Your goal – Every record that follows should be printed verbatim.

(Stored entries)
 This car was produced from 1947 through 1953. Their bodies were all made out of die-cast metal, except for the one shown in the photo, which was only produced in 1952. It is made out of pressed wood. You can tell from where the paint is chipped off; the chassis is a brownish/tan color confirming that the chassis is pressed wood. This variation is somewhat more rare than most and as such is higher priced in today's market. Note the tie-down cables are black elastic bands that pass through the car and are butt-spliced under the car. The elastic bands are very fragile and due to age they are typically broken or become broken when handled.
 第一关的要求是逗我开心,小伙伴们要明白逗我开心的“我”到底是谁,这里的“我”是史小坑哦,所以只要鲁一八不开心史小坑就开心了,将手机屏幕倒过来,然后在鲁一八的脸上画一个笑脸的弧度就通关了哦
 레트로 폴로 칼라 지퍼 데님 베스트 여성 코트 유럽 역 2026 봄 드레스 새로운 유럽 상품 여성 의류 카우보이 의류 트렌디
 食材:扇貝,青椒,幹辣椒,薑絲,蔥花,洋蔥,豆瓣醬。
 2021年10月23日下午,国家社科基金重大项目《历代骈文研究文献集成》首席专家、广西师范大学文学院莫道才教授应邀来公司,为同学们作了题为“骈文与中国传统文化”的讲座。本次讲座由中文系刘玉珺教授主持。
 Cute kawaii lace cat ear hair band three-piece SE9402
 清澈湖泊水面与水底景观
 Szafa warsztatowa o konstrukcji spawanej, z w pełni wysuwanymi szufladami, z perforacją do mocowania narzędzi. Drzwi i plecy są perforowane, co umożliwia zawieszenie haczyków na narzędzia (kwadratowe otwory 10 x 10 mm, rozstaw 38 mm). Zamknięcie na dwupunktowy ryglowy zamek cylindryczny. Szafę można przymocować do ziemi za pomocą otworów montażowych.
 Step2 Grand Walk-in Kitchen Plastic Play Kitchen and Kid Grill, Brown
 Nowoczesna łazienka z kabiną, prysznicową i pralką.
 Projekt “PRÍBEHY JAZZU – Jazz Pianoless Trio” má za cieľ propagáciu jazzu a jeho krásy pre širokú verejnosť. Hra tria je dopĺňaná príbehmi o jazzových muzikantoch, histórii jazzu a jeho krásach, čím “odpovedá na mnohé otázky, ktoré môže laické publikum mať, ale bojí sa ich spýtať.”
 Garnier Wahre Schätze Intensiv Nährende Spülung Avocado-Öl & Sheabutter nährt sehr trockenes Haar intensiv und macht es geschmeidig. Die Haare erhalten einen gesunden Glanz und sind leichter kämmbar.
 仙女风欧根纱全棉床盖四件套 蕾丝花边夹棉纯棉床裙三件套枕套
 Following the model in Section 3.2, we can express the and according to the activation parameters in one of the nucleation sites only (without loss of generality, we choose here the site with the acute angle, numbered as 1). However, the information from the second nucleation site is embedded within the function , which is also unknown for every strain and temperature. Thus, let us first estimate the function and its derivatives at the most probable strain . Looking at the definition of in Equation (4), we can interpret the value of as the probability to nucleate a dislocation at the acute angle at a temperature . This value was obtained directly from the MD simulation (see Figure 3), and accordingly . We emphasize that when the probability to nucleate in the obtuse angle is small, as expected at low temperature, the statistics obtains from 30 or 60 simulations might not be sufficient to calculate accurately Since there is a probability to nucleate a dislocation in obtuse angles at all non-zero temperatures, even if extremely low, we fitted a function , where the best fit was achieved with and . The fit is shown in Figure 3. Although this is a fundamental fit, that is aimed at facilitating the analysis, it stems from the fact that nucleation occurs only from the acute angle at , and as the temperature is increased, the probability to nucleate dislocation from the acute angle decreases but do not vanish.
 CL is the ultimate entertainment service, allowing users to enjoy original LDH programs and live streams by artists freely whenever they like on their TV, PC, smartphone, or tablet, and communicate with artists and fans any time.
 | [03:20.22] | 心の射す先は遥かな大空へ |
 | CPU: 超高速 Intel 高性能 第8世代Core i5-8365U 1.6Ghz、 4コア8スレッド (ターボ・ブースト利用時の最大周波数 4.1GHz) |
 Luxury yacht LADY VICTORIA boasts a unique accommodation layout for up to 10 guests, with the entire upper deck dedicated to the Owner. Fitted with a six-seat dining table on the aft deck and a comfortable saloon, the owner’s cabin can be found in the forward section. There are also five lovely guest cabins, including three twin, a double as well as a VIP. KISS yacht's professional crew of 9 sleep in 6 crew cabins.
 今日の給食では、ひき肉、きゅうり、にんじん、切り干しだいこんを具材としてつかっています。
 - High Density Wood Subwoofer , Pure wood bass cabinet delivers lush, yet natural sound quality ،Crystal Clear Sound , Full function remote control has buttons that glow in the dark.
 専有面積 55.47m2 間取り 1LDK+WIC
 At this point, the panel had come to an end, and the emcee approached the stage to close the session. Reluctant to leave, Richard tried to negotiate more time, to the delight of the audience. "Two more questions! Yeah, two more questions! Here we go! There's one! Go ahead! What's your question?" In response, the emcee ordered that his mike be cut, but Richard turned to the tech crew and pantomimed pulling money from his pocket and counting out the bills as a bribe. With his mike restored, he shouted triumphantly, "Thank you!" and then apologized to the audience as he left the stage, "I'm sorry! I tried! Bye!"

Solution to this problem –
 This car was produced from 1947 through 1953. Their bodies were all made out of die-cast metal, except for the one shown in the photo, which was only produced in 1952. It is made out of pressed wood. You can tell from where the paint is chipped off; the chassis is a brownish/tan color confirming that the chassis is pressed wood. This variation is somewhat more rare than most and as such is higher priced in today's market. Note the tie-down cables are black elastic bands that pass through the car and are butt-spliced under the car. The elastic bands are very fragile and due to age they are typically broken or become broken when handled.
 第一关的要求是逗我开心,小伙伴们要明白逗我开心的“我”到底是谁,这里的“我”是史小坑哦,所以只要鲁一八不开心史小坑就开心了,将手机屏幕倒过来,然后在鲁一八的脸上画一个笑脸的弧度就通关了哦
 레트로 폴로 칼라 지퍼 데님 베스트 여성 코트 유럽 역 2026 봄 드레스 새로운 유럽 상품 여성 의류 카우보이 의류 트렌디
 食材:扇貝,青椒,幹辣椒,薑絲,蔥花,洋蔥,豆瓣醬。
 2021年10月23日下午,国家社科基金重大项目《历代骈文研究文献集成》首席专家、广西师范大学文学院莫道才教授应邀来公司,为同学们作了题为“骈文与中国传统文化”的讲座。本次讲座由中文系刘玉珺教授主持。
 Cute kawaii lace cat ear hair band three-piece SE9402
 清澈湖泊水面与水底景观
 Szafa warsztatowa o konstrukcji spawanej, z w pełni wysuwanymi szufladami, z perforacją do mocowania narzędzi. Drzwi i plecy są perforowane, co umożliwia zawieszenie haczyków na narzędzia (kwadratowe otwory 10 x 10 mm, rozstaw 38 mm). Zamknięcie na dwupunktowy ryglowy zamek cylindryczny. Szafę można przymocować do ziemi za pomocą otworów montażowych.
 Step2 Grand Walk-in Kitchen Plastic Play Kitchen and Kid Grill, Brown
 Nowoczesna łazienka z kabiną, prysznicową i pralką.
 Projekt “PRÍBEHY JAZZU – Jazz Pianoless Trio” má za cieľ propagáciu jazzu a jeho krásy pre širokú verejnosť. Hra tria je dopĺňaná príbehmi o jazzových muzikantoch, histórii jazzu a jeho krásach, čím “odpovedá na mnohé otázky, ktoré môže laické publikum mať, ale bojí sa ich spýtať.”
 Garnier Wahre Schätze Intensiv Nährende Spülung Avocado-Öl & Sheabutter nährt sehr trockenes Haar intensiv und macht es geschmeidig. Die Haare erhalten einen gesunden Glanz und sind leichter kämmbar.
 仙女风欧根纱全棉床盖四件套 蕾丝花边夹棉纯棉床裙三件套枕套
 Following the model in Section 3.2, we can express the and according to the activation parameters in one of the nucleation sites only (without loss of generality, we choose here the site with the acute angle, numbered as 1). However, the information from the second nucleation site is embedded within the function , which is also unknown for every strain and temperature. Thus, let us first estimate the function and its derivatives at the most probable strain . Looking at the definition of in Equation (4), we can interpret the value of as the probability to nucleate a dislocation at the acute angle at a temperature . This value was obtained directly from the MD simulation (see Figure 3), and accordingly . We emphasize that when the probability to nucleate in the obtuse angle is small, as expected at low temperature, the statistics obtains from 30 or 60 simulations might not be sufficient to calculate accurately Since there is a probability to nucleate a dislocation in obtuse angles at all non-zero temperatures, even if extremely low, we fitted a function , where the best fit was achieved with and . The fit is shown in Figure 3. Although this is a fundamental fit, that is aimed at facilitating the analysis, it stems from the fact that nucleation occurs only from the acute angle at , and as the temperature is increased, the probability to nucleate dislocation from the acute angle decreases but do not vanish.
 CL is the ultimate entertainment service, allowing users to enjoy original LDH programs and live streams by artists freely whenever they like on their TV, PC, smartphone, or tablet, and communicate with artists and fans any time.
 | [03:20.22] | 心の射す先は遥かな大空へ |
 | CPU: 超高速 Intel 高性能 第8世代Core i5-8365U 1.6Ghz、 4コア8スレッド (ターボ・ブースト利用時の最大周波数 4.1GHz) |
 Luxury yacht LADY VICTORIA boasts a unique accommodation layout for up to 10 guests, with the entire upper deck dedicated to the Owner. Fitted with a six-seat dining table on the aft deck and a comfortable saloon, the owner’s cabin can be found in the forward section. There are also five lovely guest cabins, including three twin, a double as well as a VIP. KISS yacht's professional crew of 9 sleep in 6 crew cabins.
 今日の給食では、ひき肉、きゅうり、にんじん、切り干しだいこんを具材としてつかっています。
 - High Density Wood Subwoofer , Pure wood bass cabinet delivers lush, yet natural sound quality ،Crystal Clear Sound , Full function remote control has buttons that glow in the dark.
 専有面積 55.47m2 間取り 1LDK+WIC
 At this point, the panel had come to an end, and the emcee approached the stage to close the session. Reluctant to leave, Richard tried to negotiate more time, to the delight of the audience. "Two more questions! Yeah, two more questions! Here we go! There's one! Go ahead! What's your question?" In response, the emcee ordered that his mike be cut, but Richard turned to the tech crew and pantomimed pulling money from his pocket and counting out the bills as a bribe. With his mike restored, he shouted triumphantly, "Thank you!" and then apologized to the audience as he left the stage, "I'm sorry! I tried! Bye!"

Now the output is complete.